A day or so ago I quoted someone as saying that the difference between Bush and the Roman emperors is that the Roman senate authorized the Roman emperors to take power, whereas Congress has not authorized Bush to do so. Enter Arlen Specter handing the keys to Bush.

Update: Glenn Greenwood has a somewhat different take on the Specter legislation. He believes that even the relaxed version of FISA in Specter's proposal will not be acceptable to the administration.

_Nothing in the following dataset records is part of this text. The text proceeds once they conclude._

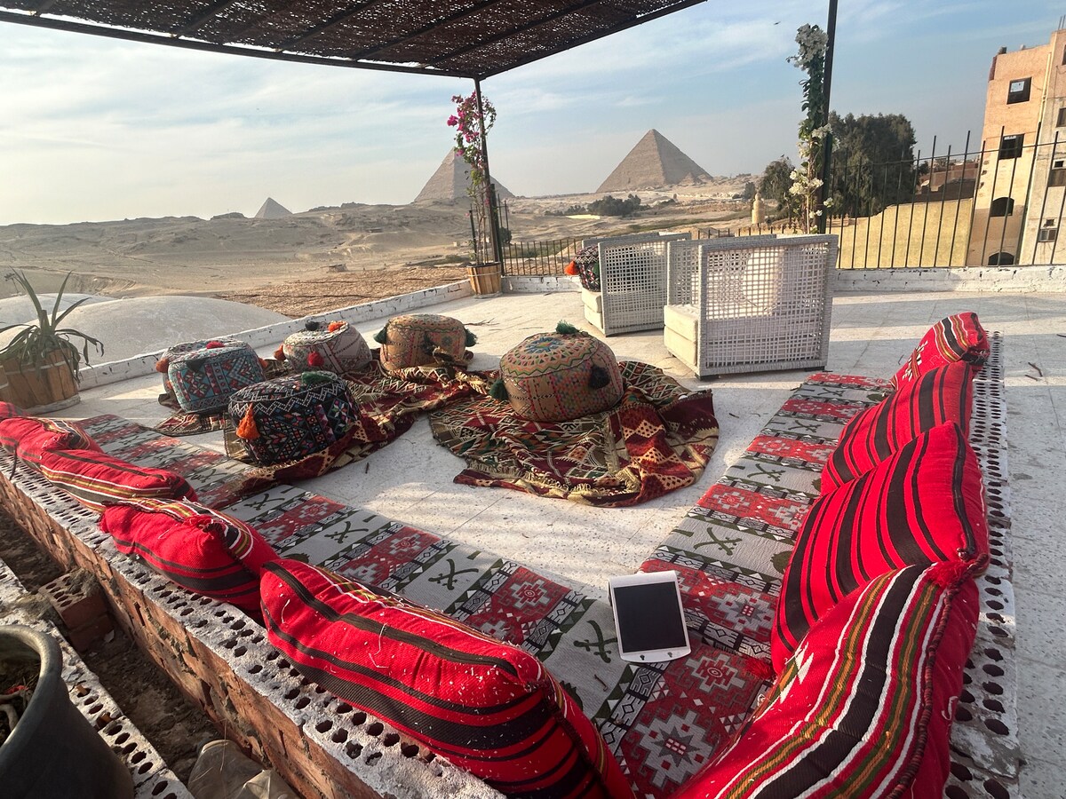 Välkommen till din privata tillflyktsort på taket i hjärtat av Giza! Denna charmiga studio ligger på en rymlig takterrass och erbjuder fantastisk utsikt över pyramiderna - perfekt för soluppgångskaffe, solnedgång lounging i hängmattan, eller blötlägga i din egen jacuzzi under stjärnorna. Fullt utrustat kök Bekväm att sova och koppla av Egen ingång för din lugn och avskildhet Oavsett om du är här för äventyr eller avkoppling erbjuder denna studio den perfekta blandningen av komfort och oförglömlig utsikt.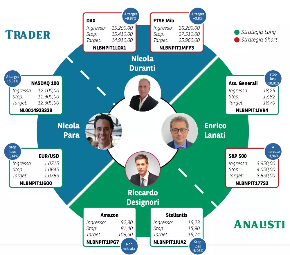 Borsa in Diretta è la newsletter giornaliera di BNP Paribas. Ogni lunedì non perderti l'appuntamento di Weekly FTSE MIB, pillola video in cui si analizza il principale indice di Borsa Italiana e si forniscono strategie operative per la settimana entrante. Inoltre, quotidianamente riceverai informazioni riguardanti notizie finanziarie e appuntamenti macroeconomici della giornata, analisi tecnica dei principali indici azionari FTSE MIB, DAX e S&P500 e aggiornamenti delle Trade Idea fatte dai migliori trader italiani durante House of Trading.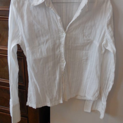 Skjorte til kvinder i hvid/sort bomuld i størrelse M. Skjorten har lodrette striber, V-udskæring og knaplukning øverst foran. Ærmerne er trekvartlange, og længden går ned over hofterne, hvilket giver en løs og behagelig pasform. Velegnet til både hverdag og afslappet brug.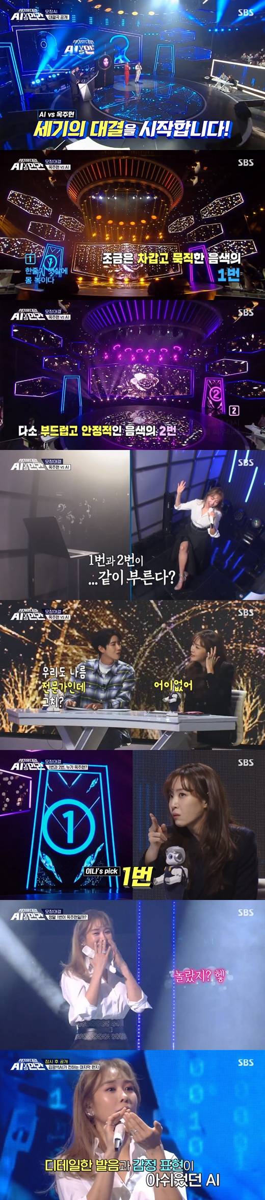 29일 밤 방송된 SBS 신년특집 '세기의 대결 AI vs 인간' 모창 AI 편에서는 인간 대결자로 출연한 옥주현이 특유의 가창력으로 인공지능과 한판 대결을 벌였다.

While it is true that, as Marty Lederman noted yesterday, the burden which the Administration would have to meet in order to eavesdrop under the Specter legislation would be substantially lowered as compared to what FISA currently requires, it is also true that the legislation provides meaningful – one could even say stringent – mechanisms for both judicial and Congressional oversight, and vests the FISA court with rather broad discretion to approve or reject the eavesdropping programs submitted by the Administration. For that reason, this bill is far from some magic bullet that will quietly resolve this scandal to the satisfaction of the Administration, because I do not believe the Administration can or will accept this legislation...
Beyond this always-paramount crisis is the fact that the Administration, in light of the positions it has emphatically staked out, cannot possibly accept the meaningful limitations and oversight contained in the Specter proposal. The Administration has repeatedly claimed that national security requires that it be able to eavesdrop with total secrecy and without any limitations from the courts or Congress. It therefore cannot and will not accept a framework which imposes such limitations.

For these reasons, I believe that this legislation could actually achieve a good result for this scandal – in a sense, it calls the Administration’s bluff. From the beginning of this scandal, the Administration has claimed that it eavesdropped outside of FISA because the FISA standards are too restrictive and the FISA process too cumbersome to enable the eavesdropping it wants.